Best Database for remote sensor data logging

Mike picture Mike · Jun 29, 2012 · Viewed 10k times · Source

I need to choose a Database for storing data remotely from a big number (thousands to tens of thousands) of sensors that would generate around one entry per minute each.

The said data needs to be queried in a variety of ways from counting data with certain characteristics for statistics to simple outputting for plotting.

I am looking around for the right tool, I started with MySQL but I feel like it lacks the scalability needed for this project, and this lead me to noSQL databases which I don't know much about.

Which Database, either relational or not would be a good choice?

Thanks.

Answer

John Landahl picture John Landahl · Jun 29, 2012

There is usually no "best" database since they all involve trade-offs of one kind or another. Your question is also very vague because you don't say anything about your performance needs other than the number of inserts per minute (how much data per insert?) and that you need "scalability".
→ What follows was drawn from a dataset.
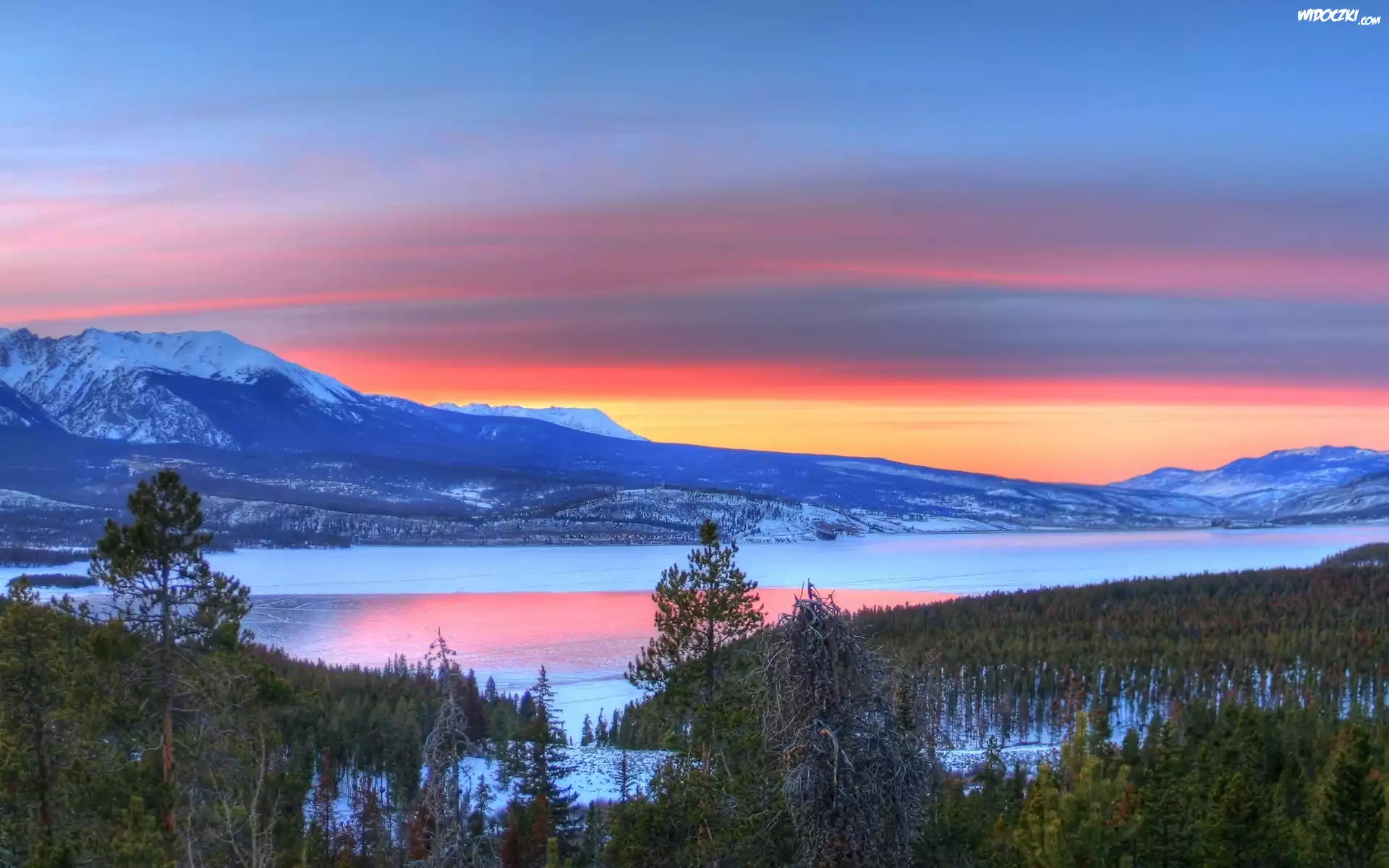 Zachód, Słońca, Jezioro, Góry, Śnieg, Drzewa

It also looks like a case of premature optimization because you say you "feel like [MySQL] lacks the scalability needed for this project", but it doesn't sound like you've run any tests to confirm whether this is a real problem. It's always better to get real data rather than base an important architectural decision on "feelings".

Here's a suggestion:

  1. Write a simple test program that inserts 10,000 rows of sample data per minute
  2. Run the program for a decent length of time (a few days or more) to generate a sizable chunk of test data
  3. Run your queries to see if they meet your performance needs (which you haven't specified -- how fast do they need to be? how often will they run? how complex are they?)

You're testing at least two things here: whether your database can handle 10,000 inserts per minute and whether your queries will run quickly enough once you have a huge amount of data. With large datasets these will become competing priorities since you need indexes for fast queries, but indexes will start to slow down your inserts over time. At some point you'll need to think about data archival as well (or purging, if historical data isn't needed) both for performance and for practical reasons (finite storage space).

These will be concerns no matter what database you select. From what little you've told us about your retrieval needs ("counting data with certain characteristics" and "simple outputting for plotting") it sounds like any type of database will do. It may be that other concerns are more important, such as ease of development (what languages and tools are you using?), deployment, management, code maintainability, etc.

Since this is sensor data we're talking about, you may also want to look at a round robin database (RRD) such as RRDTool to see if that approach better serves your needs.